[Data shown Boundary: Start]
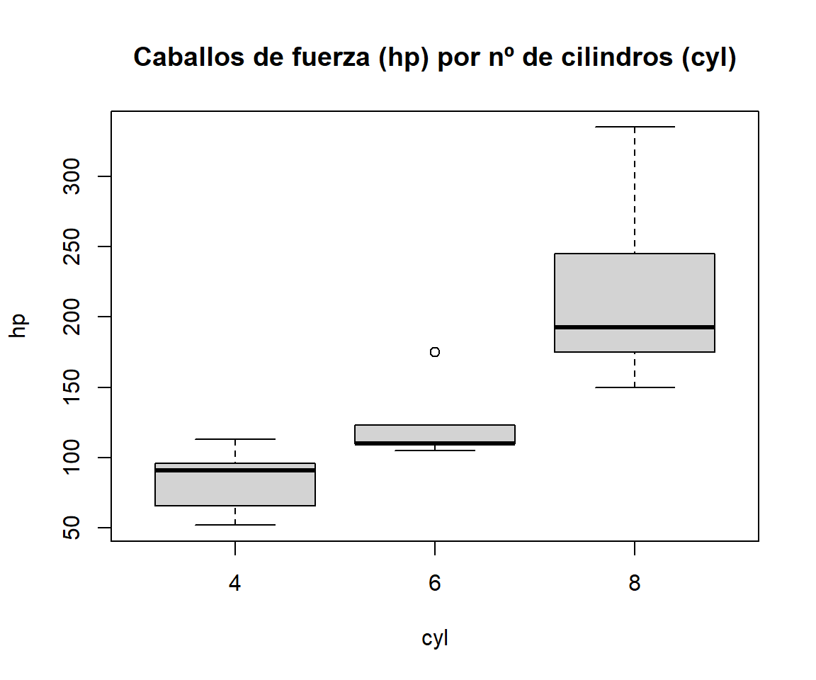 boxplot(hp ~ cyl, data = mtcars, main = "Caballos de fuerza (hp) por nº de cilindros (cyl)")
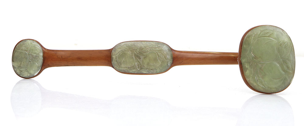 SCETTRO "GUY" IN LEGNO E GIADA, CINA, FINE XIX SECOLO, sagomato con tre elementi in giada scolpita a frutti; un elemento fessurato.
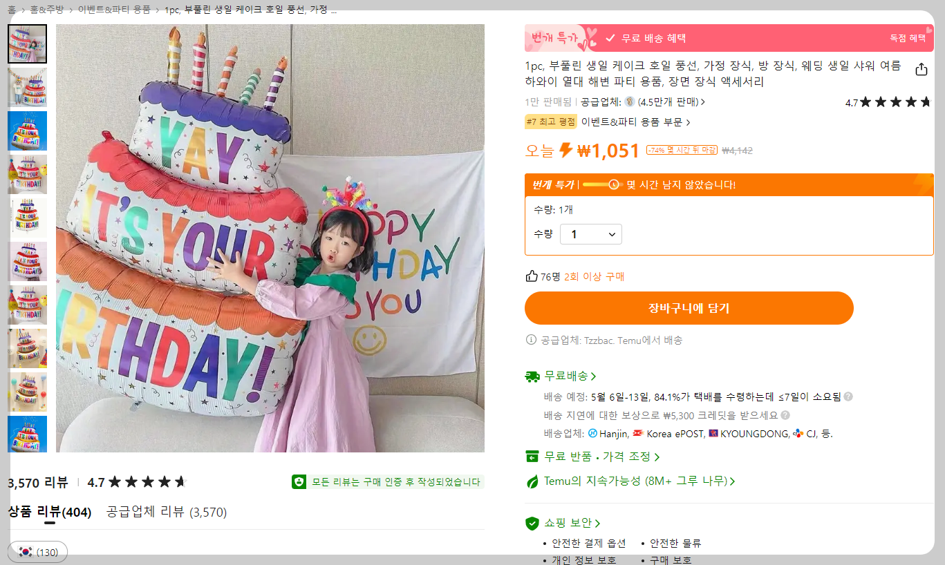 아래 제품같은 경우는 아이 생일 전에 미리 준비해 두면 좋을 것 같습니다. 동일한 제품인데 테무는 800원 ~ 1천원 대, 쿠팡은 6천원 후반대 입니다. 가격면에서는 테무가 압승이네요. 어차피 쿠팡이든 다른 쇼핑몰이든 테무이든 거의 모든 제품들의 중국에서 생산되기 때문에 가격이냐 배송이냐에서 선택할 문제인 것 같습니다.
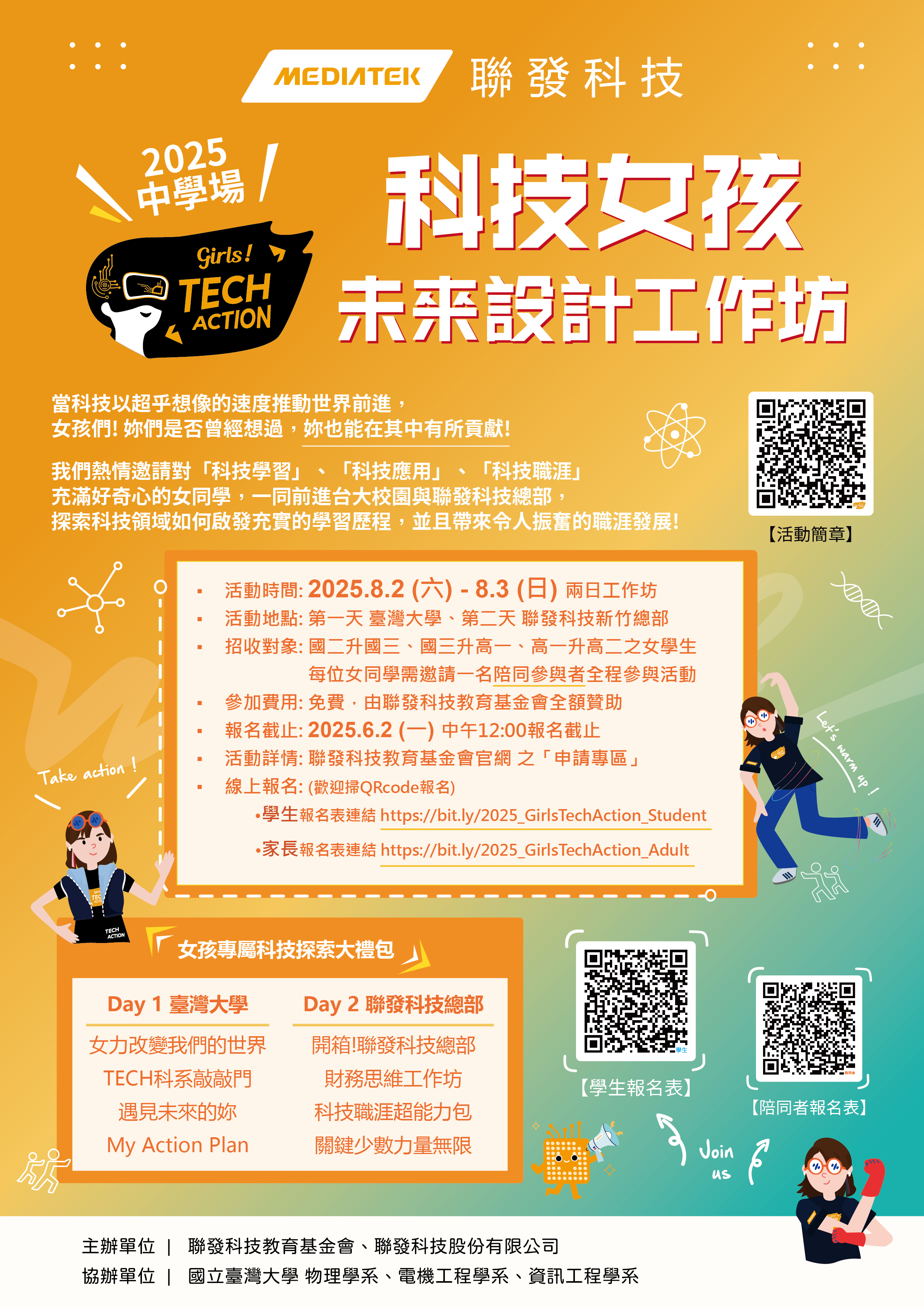 函轉財團法人聯發科技教育基金會(以下簡稱該基金會)「2025 Girls!TECH Action 科技女孩未来設計工作坊」 相關資訊,詳如說明。
[Data shown Boundary: End]
=== Task description ===
Beginning with the line that contains "아래 제품같은 경우는", output each line of the material above through the last one exactly as it stands. Do not include the pictures.

=== Exercise answer ===
 아래 제품같은 경우는 아이 생일 전에 미리 준비해 두면 좋을 것 같습니다. 동일한 제품인데 테무는 800원 ~ 1천원 대, 쿠팡은 6천원 후반대 입니다. 가격면에서는 테무가 압승이네요. 어차피 쿠팡이든 다른 쇼핑몰이든 테무이든 거의 모든 제품들의 중국에서 생산되기 때문에 가격이냐 배송이냐에서 선택할 문제인 것 같습니다.
 函轉財團法人聯發科技教育基金會(以下簡稱該基金會)「2025 Girls!TECH Action 科技女孩未来設計工作坊」 相關資訊,詳如說明。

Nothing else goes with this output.